Turns 1 through 5 of The Binding Coil of Bahamut will become, upon the release of patch 2.2, deprecated content. No longer current. No longer bleeding-edge. It is a soft progression reset, and the tryhards are none too happy about this because they are losing their "specialness."
Your logic is flawed. If someone can't win at the current difficulty, can't progress beyond what content we currently have available, what do you think they'll do?
Don't worry, I'll answer that since thought is clearly a foreign concept to you: THEY'LL STOP PLAYING. And Square-Enix will lose money.
I don't consider myself a "hardcore" gamer. I don't even log in every day, and my company is still wiping on Twintania while I see lots of people walking around with Allagan weapons. Now, I would like to get a Twintania kill before she gets nerfed, sure.

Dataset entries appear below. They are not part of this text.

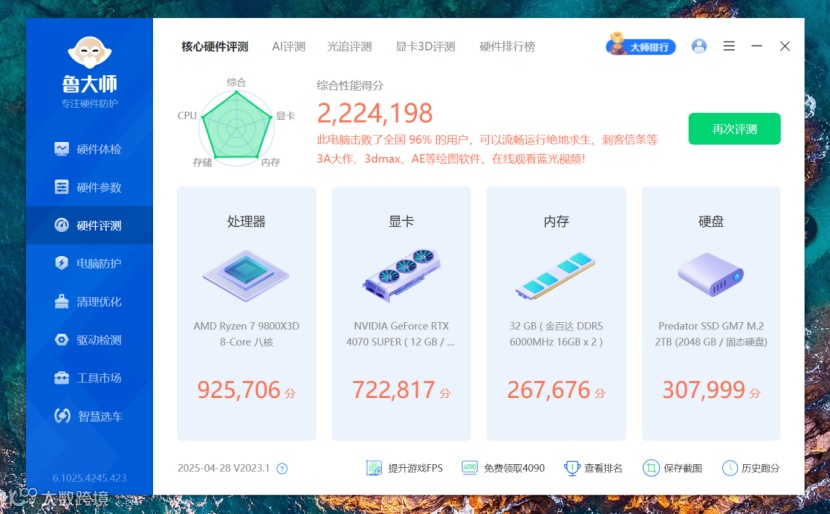 本次测试使用的是最新一代AMD平台,技嘉X870冰雕搭配Ryzen 7 9800X3D。
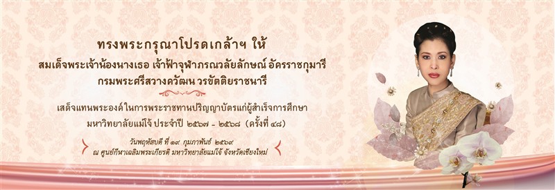 สมเด็จพระเจ้าน้องนางเธอ เจ้าฟ้าจุฬาภรณวลัยลักษณ์ อัครราชกุมารี กรมพระศรีสวางควัฒน วรขัตติยราชนารี เสด็จแทนพระองค์ไปในการพระราชทานปริญญาบัตรแก่ผู้สำเร็จการศึกษามหาวิทยาลัยแม่โจ้ ประจำปีการศึกษา 2567 - 2568 (ครั้งที่ 48)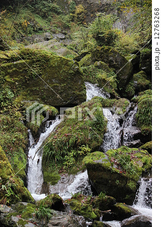 渓谷 秋の紅葉に映える(五家荘・せんだん轟の滝)周辺の紅葉に染まる景色「熊本県八代市泉町柿迫」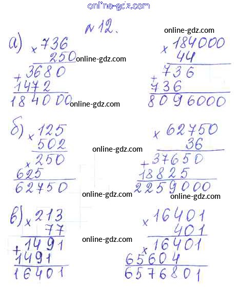Готовые домашние задания по Математике за 5 класс Дидактические материалы Кузнецова, Минаева Академический школьный учебник 2014 - О-11. Умножение Обучающие работы 12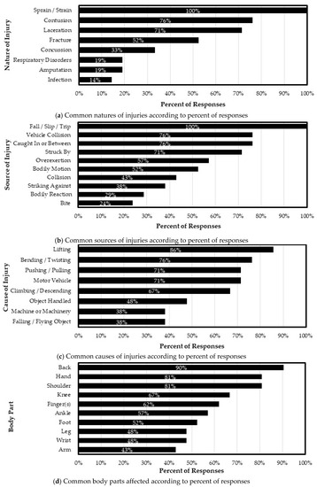 As part of the questionnaire, a distinction was made between the source and cause of injuries. The source mainly describes “the manner in which the injury was produced or inflicted” [20], while the cause of injury identifies the object, substance, bodily motion, or exposure that directly produced or inflicted the injury. The most cited sources of injury according to the percentage of responses are shown in Figure 8b, with Fall/Slip/Trip (100%), Vehicle Collision (76%), Caught In or Between (76%), Struck By (71%), and Overexertion (57%).
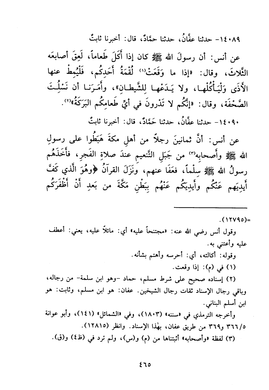 ١٤٠٨٩ - حَدَّثَنَا عَفَّانُ، حَدَّثَنَا حَمَّادٌ، قَالَ: أَخْبَرَنَا ثَابِتٌ، عَنْ أَنَسٍ، أَنَّ رَسُولَ اللهِ صَلَّى اللهُ عَلَيْهِ وَسَلَّمَ كَانَ إِذَا أَكَلَ طَعَامًا لَعِقَ أَصَابِعَهُ الثَّلَاثَ، وَقَالَ: " إِذَا مَا وَقَعَتْ (١) لُقْمَةُ أَحَدِكُمْ، فَلْيُمِطْ عَنْهَا الْأَذَى وَلْيَأْكُلْهَا، وَلَا يَدَعْهَا لِلشَّيْطَانِ "، وَأَمَرَنَا أَنْ نَسْلِتَ الصَّحْفَةَ، وَقَالَ: " إِنَّكُمْ لَا تَدْرُونَ فِي أَيِّ طَعَامِكُمُ الْبَرَكَةَ " (٢)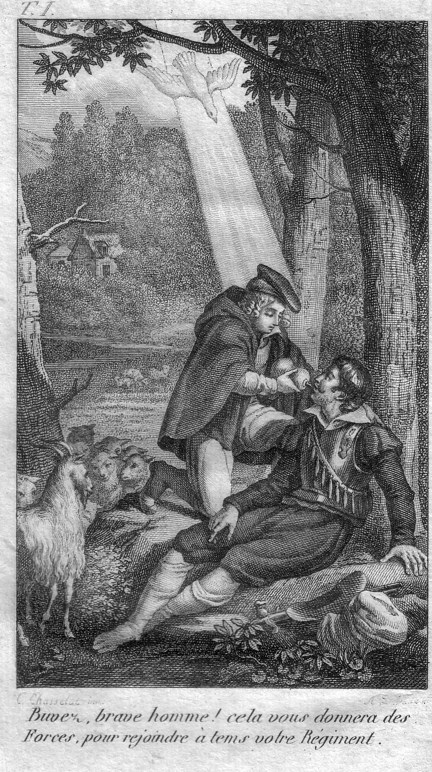 "Drink, brave man; this will give you the strength to rejoin your regiment on time." Vincent de Paul, shepherd's clothing; dove of Holy Spirit; wounded soldier; sheep in woods, house in background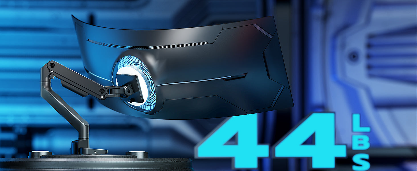 - 【Support up to 49" & 44lbs Monitors】The ARES WING single monitor arm has an optimized tilt structure, provides excellent weight-bearing capacity for ultra wide screens, including most of the popular 49" ultrawide flat and curved computer monitors. With a max. weight capacity of 44 lbs, it can securely support 17"-49" monitor, and compatible with VESA 100x100 and 75x75mm. If your monitor does not have a VESA hole, you need to prepare a VESA mount adapter.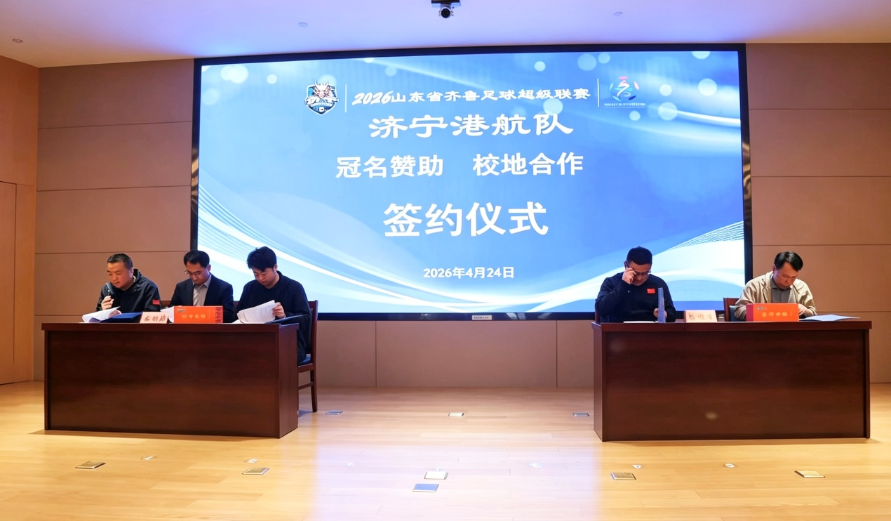 与山东融汇集团、济宁国投等单位正式举行冠名赞助与校地合作签约仪式,张雷与楚遵杰代表双方签署冠名权益协议;许怀祥、孙延斌与王鸿飞共同签署校地合作协议。双方达成体育合作共识,携手搭建校园体育与地方体育协同发展的全新平台,为地方足球事业发展筑牢合作根基。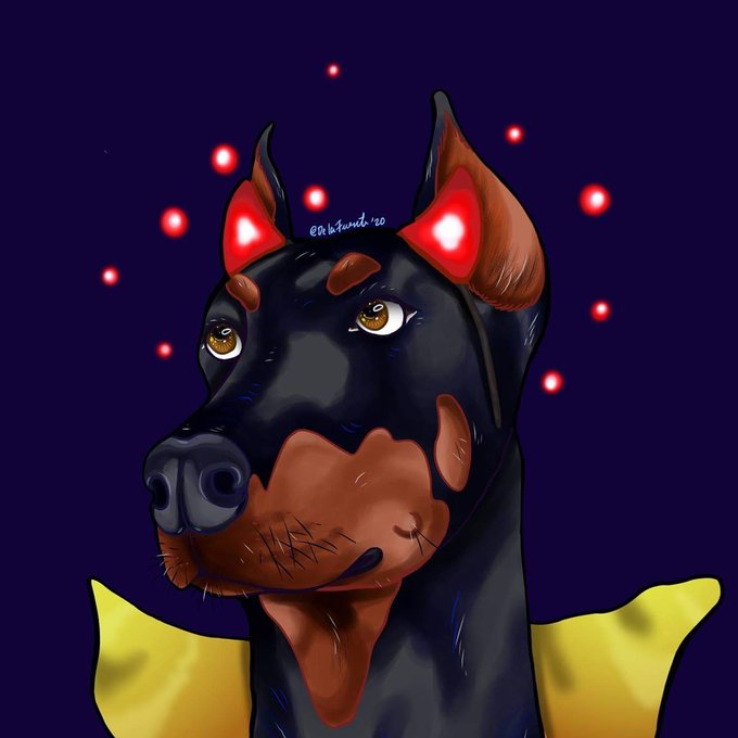 Final drawing + a pic un her first Halloween with costumes 🐶🙌🏼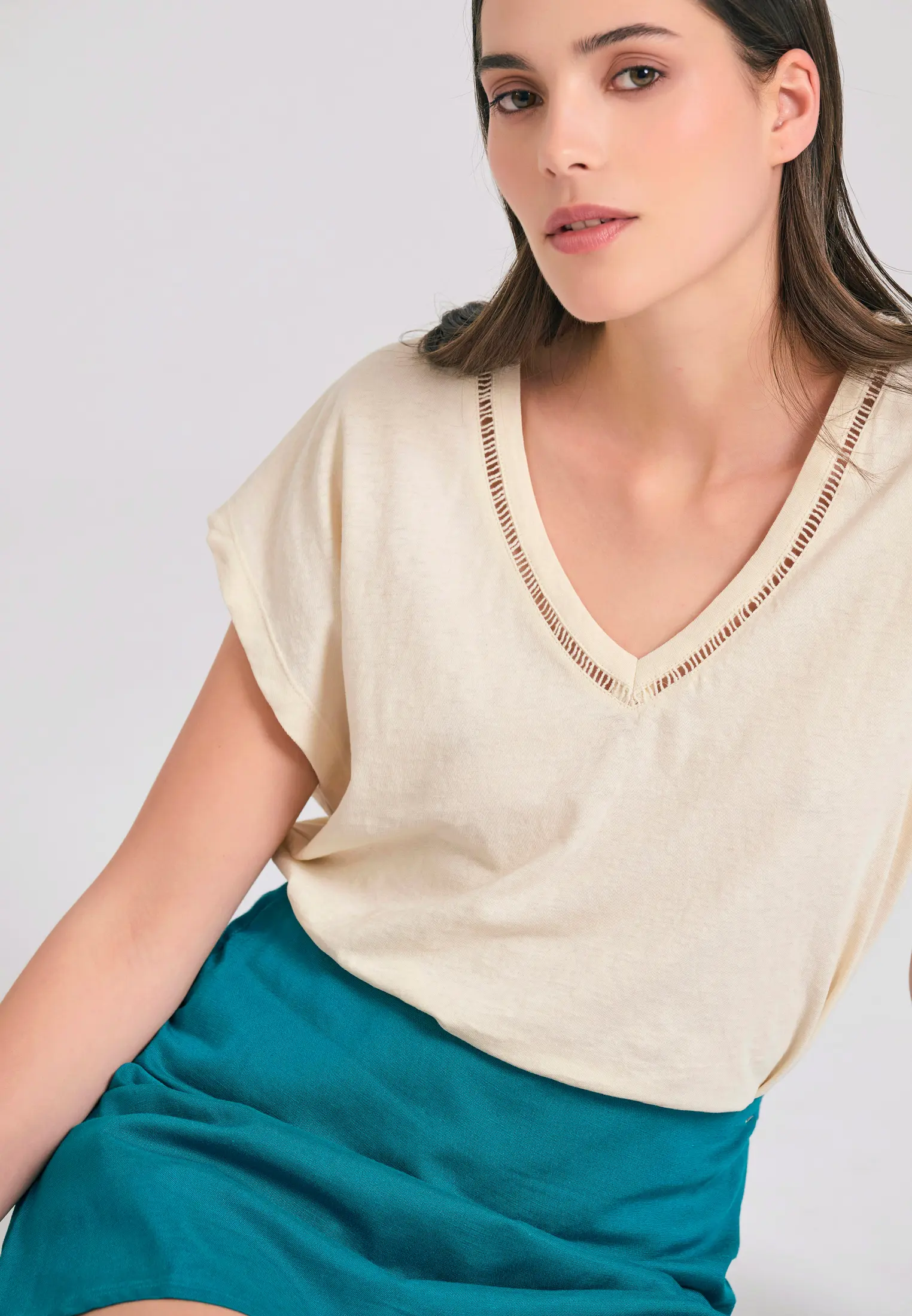 Αν θες κάτι χαλαρό αλλά καθόλου βαρετό, αυτό το τοπ θα γίνει το go-to κομμάτι σου. Με άνετη γραμμή και εντυπωσιακή V λαιμόκοψη που τραβάει διακριτικά τα βλέμματα, ταιριάζει πανεύκολα με ό,τι σκεφτείς – από φούστες μέχρι τζιν. Ιδανικό για all-day εμφανίσεις που συνδυάζουν ανεμελιά και στυλ.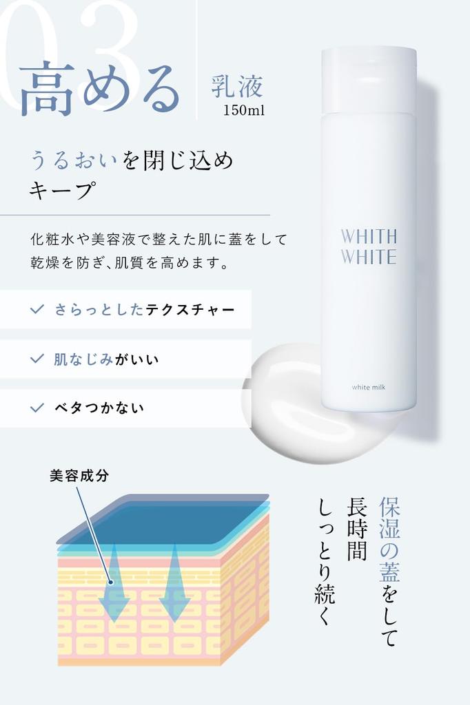 🌞 [3STEP Luxury Set] Для тех, кто ищет основательный отбеливающий уход от средств по уходу за кожей WHITH WHITE, в этот набор входят 3 лечебных базовых косметических средства: Лосьон 200 мл, сыворотка 50 мл и эмульсия 150 мл. 🌞 [Меры по борьбе с пятнами] Три квазилекарственных продукта, содержащие два типа активных ингредиентов, одобренных Министерством здравоохранения, труда и социального обеспечения. Мы стремимся к красивой коже с помощью «водорастворимого экстракта плаценты», который подавляет выработку меланина и предотвращает появление пятен и веснушек, а также «глицирризиновой кислоты 2К», которая подавляет такие проблемы с кожей, как акне, и сохраняет кожу здоровой.. 🌞 [Пробуждает ощущение свежести и прозрачности] Глубоко заряжает свежестью растений кожу, которая испытывает множество колебаний, таких как сухость, жесткость и неровная текстура, придавая ей ощущение ясности и прозрачности.. 🌞 [Элегантный цветочный аромат] Свежие и освежающие верхние ноты «лимона, листовой зелени и лесной зелени» сочетаются с элегантными и привлекательными средними нотами «ландыша, розы и жасмина». Последние ноты — «мускус, ирис и гвоздика», создавая великолепный и нежный аромат.. 🌞【Как использовать ШАГ 1】 После очищения кожи путем умывания лица,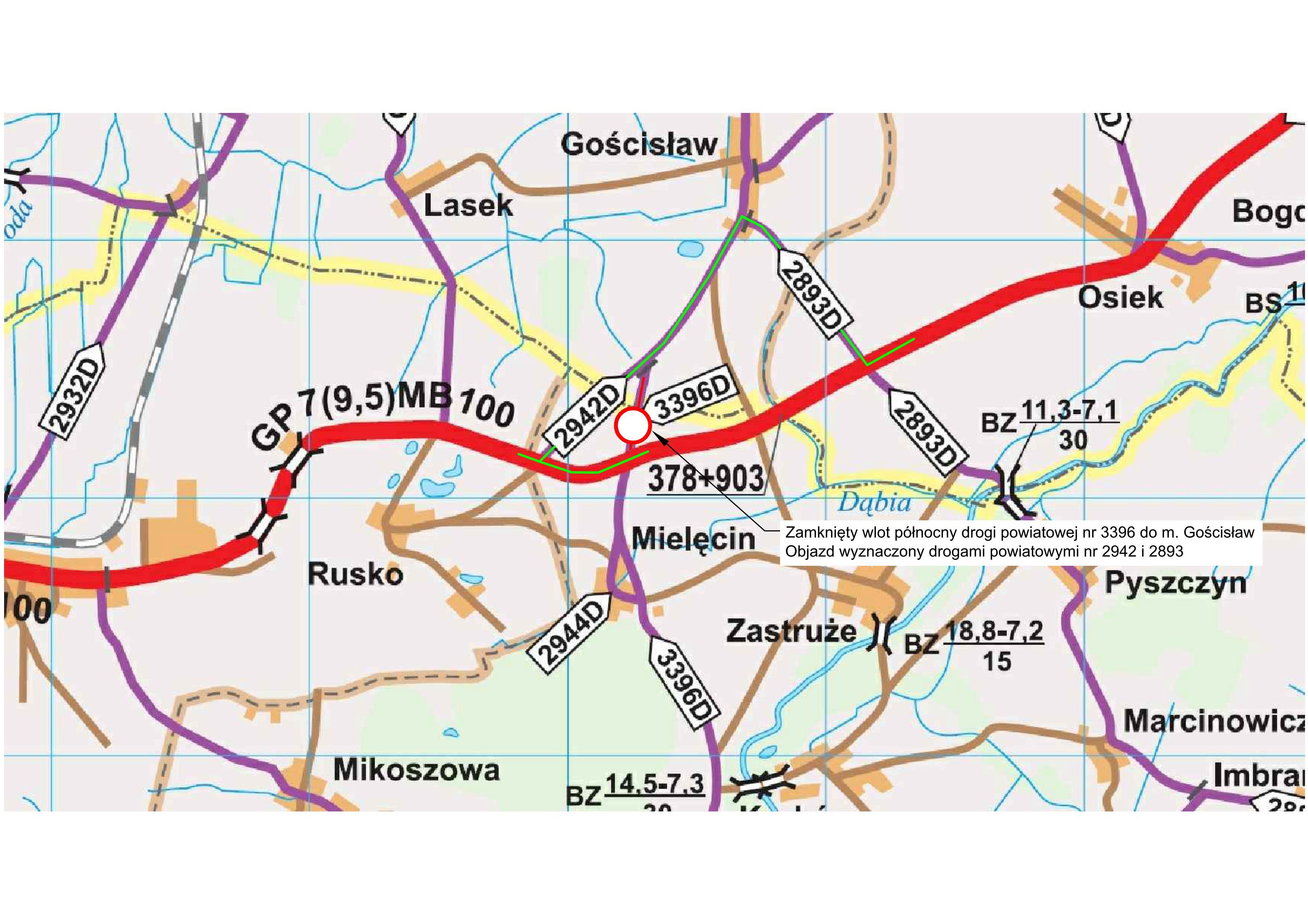 W najbliższych dniach Wykonawca rozpocznie prace związane z wycinką drzew, odhumusowaniem oraz wymianą konstrukcji jezdni na drodze powiatowej w kierunku Gościsławia. W związku z tym zamknięty zostanie jeden północny wlot drogi powiatowej nr 3396 do miejscowości Gościsław, a objazd zostanie poprowadzony drogami powiatowymi nr 2942 i 2893 relacji Rusko – DK5 – Gościsław i Pyszczyn – DK5 – Gościsław.

That would be cool, because I'd like to finish the encounter at its originally-intended difficulty.
However, there are people in my company who are nowhere near killing Twintania. They will not be near killing Twintania when 2.2 drops. They might have just started playing the game. Or they may not be as skilled as other players in the company. Or perhaps they can't log in regularly enough to attend scheduled Coil runs. Or maybe they live somewhere with poor internet infrastructure. You can think they're useless, you can think they suck and you can even hate them all you want; they don't know you and likely don't care. But they pay their subscription fee and they deserve to get to experience the content, too.
You just get to do it first. Unless you intend to start paying the subscriptions of everyone who quits because they're locked behind four deprecated tiers of content and can't find anyone to help them clear it when we're on patch 2.6, then you really have no room at all to talk.
Additionally, I honestly believe that the people complaining about this issue have some serious psychological issues if you need fake accomplishments in a virtual world in order to make you feel good about yourself.
Yoshida outright stated that he designed the gear in XIV this way on purpose with the express intent to avoid having to farm up ten sets of gear to clear one raid dungeon.